# Cutting Cards



## rem50 (Jan 5, 2012)

I have always wanted to cut a card after seeing Bill Hayes do it on a video. I kept telling myself to wait till I got more proficient. Well, from ten yards I regularly hit 7 or 8 of 10 at a can. Even after it is cut in half I still hit it regularly. Today was the big day. I set up to cut a card. I only went 6 yards ( I heard someone else say that is where they started) drew back, and shot 20 shots at that thing and scared the crap out of it! Ha! A couple times I breezed right past touching the sides and knocking it over but never hit the card properly to cut it. Until I get better I guess I'll stick to scissors........ Thank God I know how use a lighter!


----------



## Charles (Aug 26, 2010)

But you can feel really good that at least you started! You will get it before long.

Cheers ..... Charles


----------



## catburn (Feb 1, 2012)

Keep after it. I have yet to cut a card clean at 10 meters. At around 6, it happens often enough to keep me interested.


----------



## Sofreto (May 10, 2012)

The only place I know that can cut cards is in Las Vegas

Cheers,

Sofreto


----------



## Aras (Apr 2, 2011)

catburn said:


> Keep after it. I have yet to cut a card clean at 10 meters. At around 6, it happens often enough to keep me interested.
> View attachment 21099


what ammo do you use?


----------



## rem50 (Jan 5, 2012)

Aras said:


> Keep after it. I have yet to cut a card clean at 10 meters. At around 6, it happens often enough to keep me interested.
> View attachment 21099


what ammo do you use?
[/quote]good question! I was using 3/8 steel myself


----------



## treefork (Feb 1, 2010)

Practice can be fun!


----------



## lightgeoduck (Apr 3, 2011)

treefork said:


> Practice can be fun!


That's for sure...and on the plus side, even if you don't get that cut, it will improve your skills on even the slightest bigger targets.. I am sure you will hit spoons and bottle caps in no time.

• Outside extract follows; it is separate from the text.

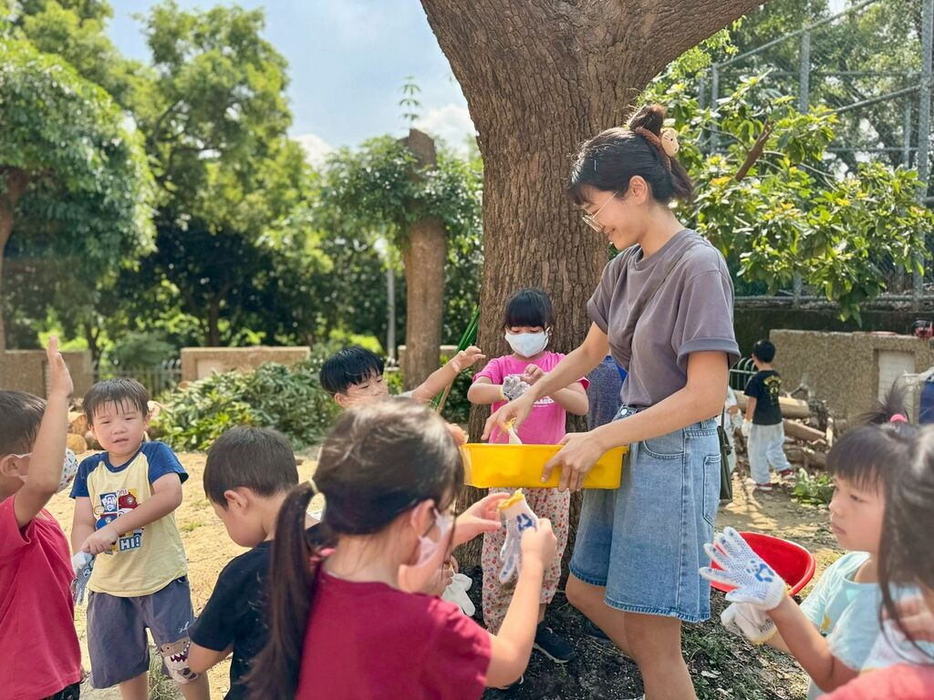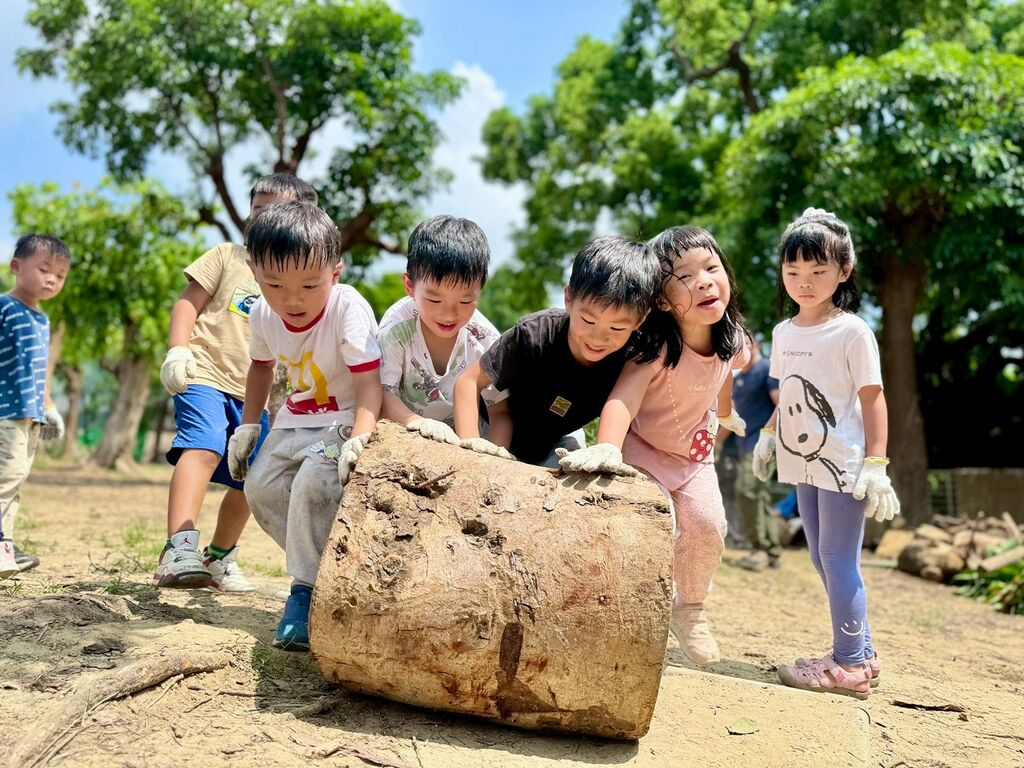 當最後一塊樹幹穩穩立起時,酪梨大碗的修復工程也宣告完成。看著嶄新的大碗,師生們都洋溢著成就感與喜悅。幼生梁里齊說:「我和好朋友一起推大木頭,推到大碗旁邊再翻起來,我的力氣很大。」幼生王丞佑說:「我看到很多雞母蟲,總共有14隻、都很大隻。」關新蓓老師說:「梅花鹿班孩子再次出校園任務,此次任務為升級酪梨大碗,將小班製作的酪梨大碗重新改造,孩子們分工合作,大家有條理的搬運,不僅是學習團隊合作,更是一堂生命教育課程,孩子們發現居住在大碗裡的居民,大家小心讓路避免影響小動物的行動。」
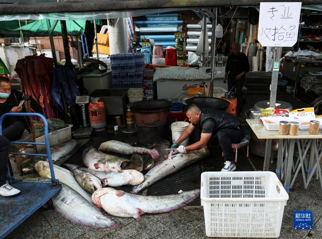 9月4日,在撫遠市東極魚市,一名魚商處理送來的魚。

As the saying goes " Aim small miss small"

LGD


----------



## Aras (Apr 2, 2011)

rem50 said:


> Keep after it. I have yet to cut a card clean at 10 meters. At around 6, it happens often enough to keep me interested.
> View attachment 21099


what ammo do you use?
[/quote]good question! I was using 3/8 steel myself
[/quote]
Well then I think I need stronger bands, I can only cut halfway of the card :C


----------



## catburn (Feb 1, 2012)

Aras said:


> Keep after it. I have yet to cut a card clean at 10 meters. At around 6, it happens often enough to keep me interested.
> View attachment 21099


what ammo do you use?
[/quote]good question! I was using 3/8 steel myself
[/quote]
Well then I think I need stronger bands, I can only cut halfway of the card :C
[/quote]
I'm partial to 7/16".


----------



## Berkshire bred (Mar 4, 2012)

i have yet to try to cut a card but i guess that it is the same idea as everything else to do with a slingshot, practice, practice,practice.


----------